ACTIVITY:
Repeat the data in full. Drop every picture.

Dataset items
▬▬▬

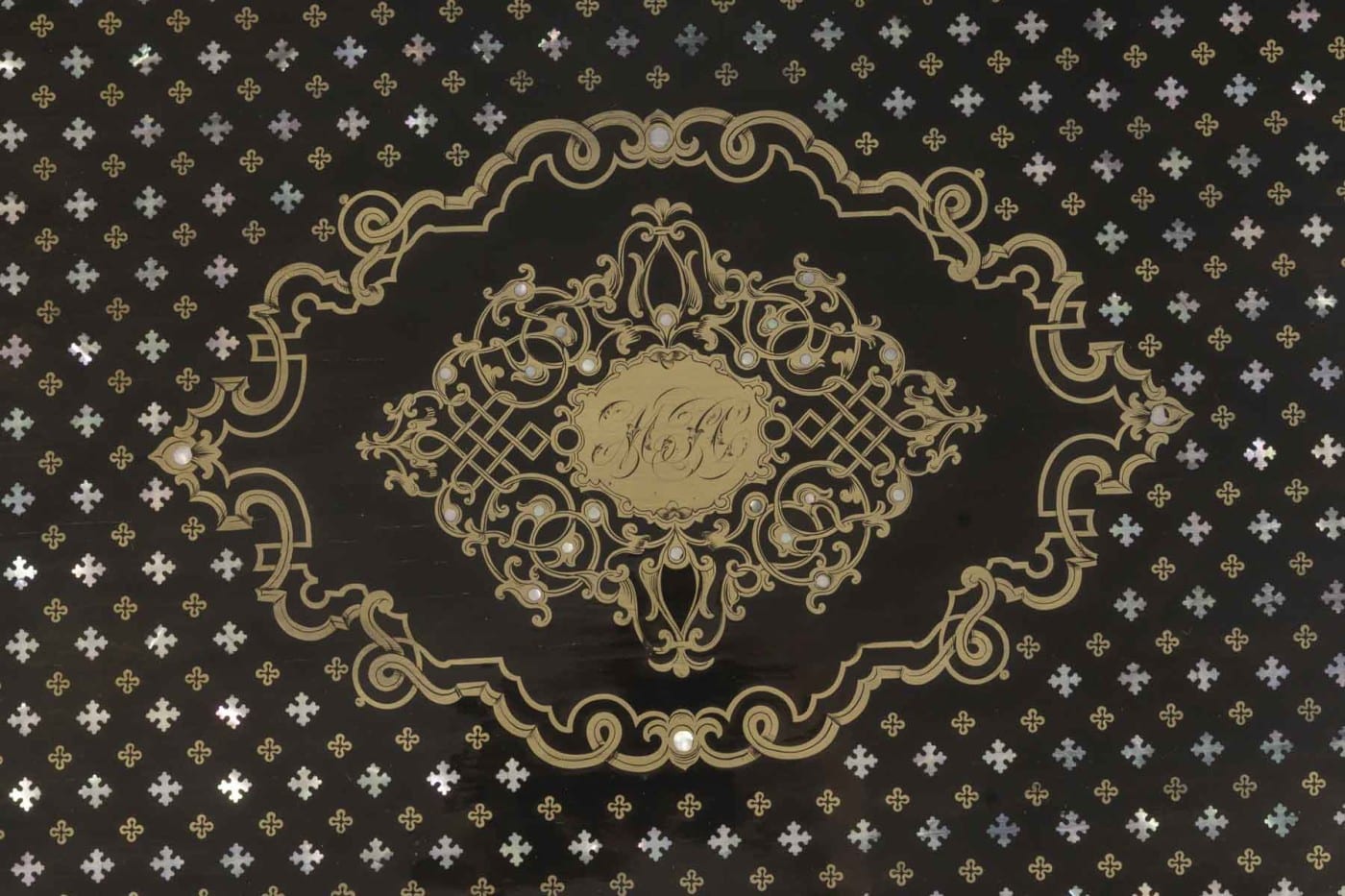 Le meuble est entièrement réalisé en bois noirci, orné sur toute ses faces d’une marqueterie dite “à la Reine”, composée d’un semis alterné de motifs quadrilobés en laiton finement découpé et nacre naturelle, soigneusement incrustés et parfaitement alignés.
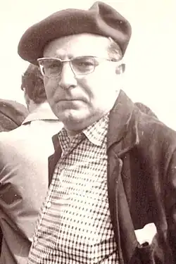 In 1947 Zubiaur married María Josefa Carreño Cima (1918–2015).[19] The couple settled in Pamplona[20] though they used to spend much time in Leitza;[21] they had 7 children, the first one born in 1948. Their marriage endured 65 years; when passing away, Zubiaur had 23 grandchildren.[22] Two of Zubiaur's sons became public figures. The oldest one, José Ángel Zubiaur Carreño, held high administrative and economic offices in the Navarrese self-government and represented Navarre in various central EU bodies;[23] a longtime UPN politician, he left the party in 2013[24] and assumed more right-wing positions.[25] Francisco Javier Zubiaur Carreño held high jobs related to Navarrese culture and is professor in history of art, author of books related to painting, film and museology;[26] politically he tends to a more progressist stand.[27] Among other notable relatives,[28] Zubiaur's paternal uncle Román Zubiaur Salazar was a fairly popular comic actor, in the early 1920s known as a Basque stage character "Martinchú Perugorría".[29]
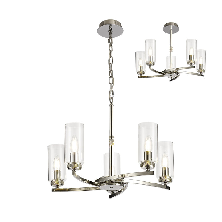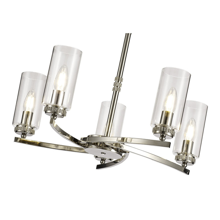 The Nelson Lighting NL73109 Darling 5 Light Pendant exudes traditional elegance with modern flair. The polished nickel finish paired with clear glass and sparkling crystal accents makes it a stunning centerpiece for any space.
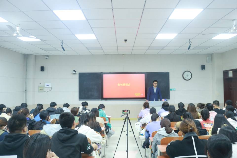 于s207召开舍长座谈会。本次座谈会由2018级辅导员田青主持,各宿舍舍长参加。
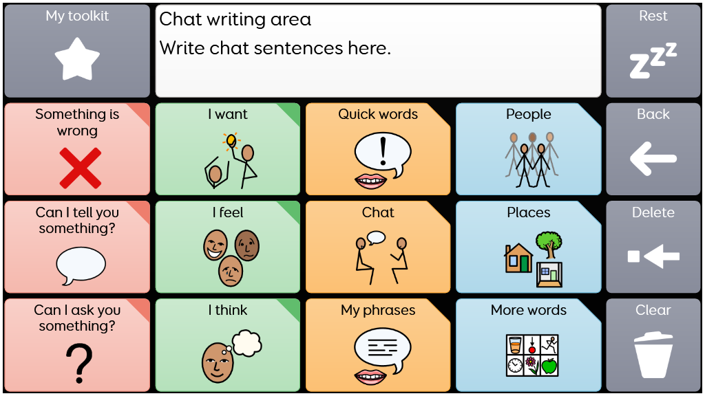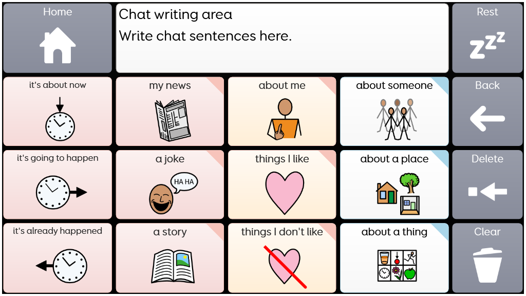 Voco Chat is a low-cell count symbol vocabulary, designed to enable users to communicate for a wide range of reasons. Message pathways, with built-in jumps and carefully selected vocabulary, provide a supported approach to language. The grid set includes resources for supporting communication and emotional wellbeing, with apps such as Symoji and Camera to support interaction and engagement.
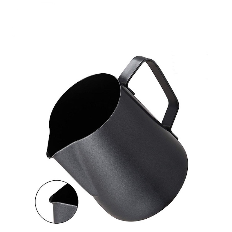 profesjonalne pomiary wewnątrz kawy latte filiżanka mleka parującego dzbanek mleka pianki dzbanek
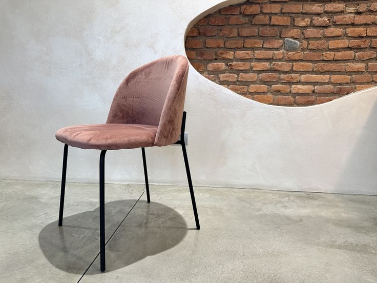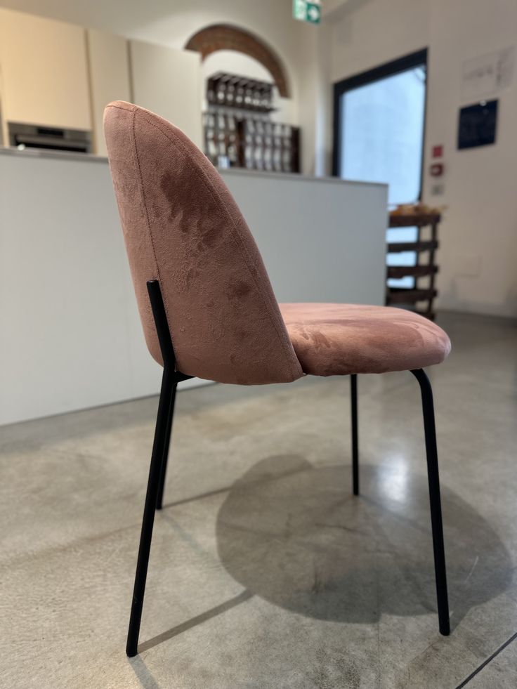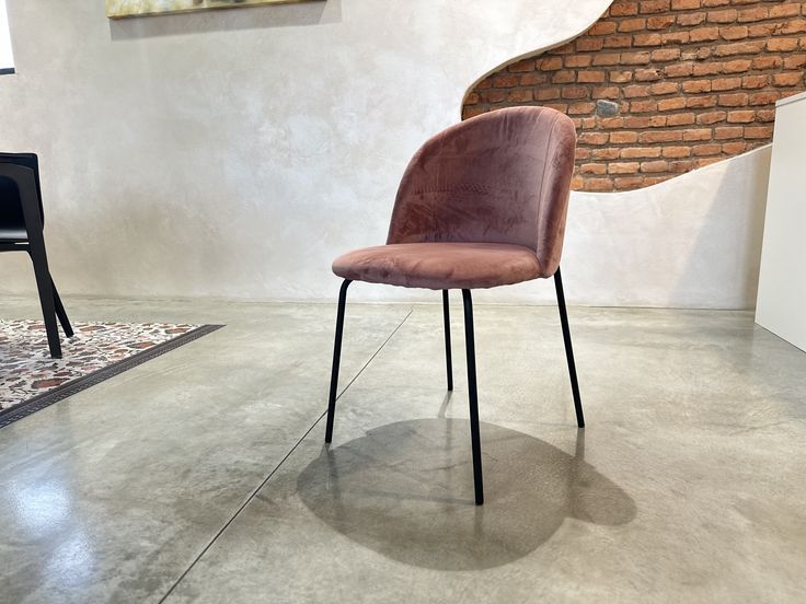 Set 4 sedie in velluto rosa con gambe in metallo nero smontabile. Portata max 110 kg.

▬▬▬

RESULT OF THIS TASK:
 Le meuble est entièrement réalisé en bois noirci, orné sur toute ses faces d’une marqueterie dite “à la Reine”, composée d’un semis alterné de motifs quadrilobés en laiton finement découpé et nacre naturelle, soigneusement incrustés et parfaitement alignés.
 In 1947 Zubiaur married María Josefa Carreño Cima (1918–2015).[19] The couple settled in Pamplona[20] though they used to spend much time in Leitza;[21] they had 7 children, the first one born in 1948. Their marriage endured 65 years; when passing away, Zubiaur had 23 grandchildren.[22] Two of Zubiaur's sons became public figures. The oldest one, José Ángel Zubiaur Carreño, held high administrative and economic offices in the Navarrese self-government and represented Navarre in various central EU bodies;[23] a longtime UPN politician, he left the party in 2013[24] and assumed more right-wing positions.[25] Francisco Javier Zubiaur Carreño held high jobs related to Navarrese culture and is professor in history of art, author of books related to painting, film and museology;[26] politically he tends to a more progressist stand.[27] Among other notable relatives,[28] Zubiaur's paternal uncle Román Zubiaur Salazar was a fairly popular comic actor, in the early 1920s known as a Basque stage character "Martinchú Perugorría".[29]
 The Nelson Lighting NL73109 Darling 5 Light Pendant exudes traditional elegance with modern flair. The polished nickel finish paired with clear glass and sparkling crystal accents makes it a stunning centerpiece for any space.
 于s207召开舍长座谈会。本次座谈会由2018级辅导员田青主持,各宿舍舍长参加。
 Voco Chat is a low-cell count symbol vocabulary, designed to enable users to communicate for a wide range of reasons. Message pathways, with built-in jumps and carefully selected vocabulary, provide a supported approach to language. The grid set includes resources for supporting communication and emotional wellbeing, with apps such as Symoji and Camera to support interaction and engagement.
 profesjonalne pomiary wewnątrz kawy latte filiżanka mleka parującego dzbanek mleka pianki dzbanek
 Set 4 sedie in velluto rosa con gambe in metallo nero smontabile. Portata max 110 kg.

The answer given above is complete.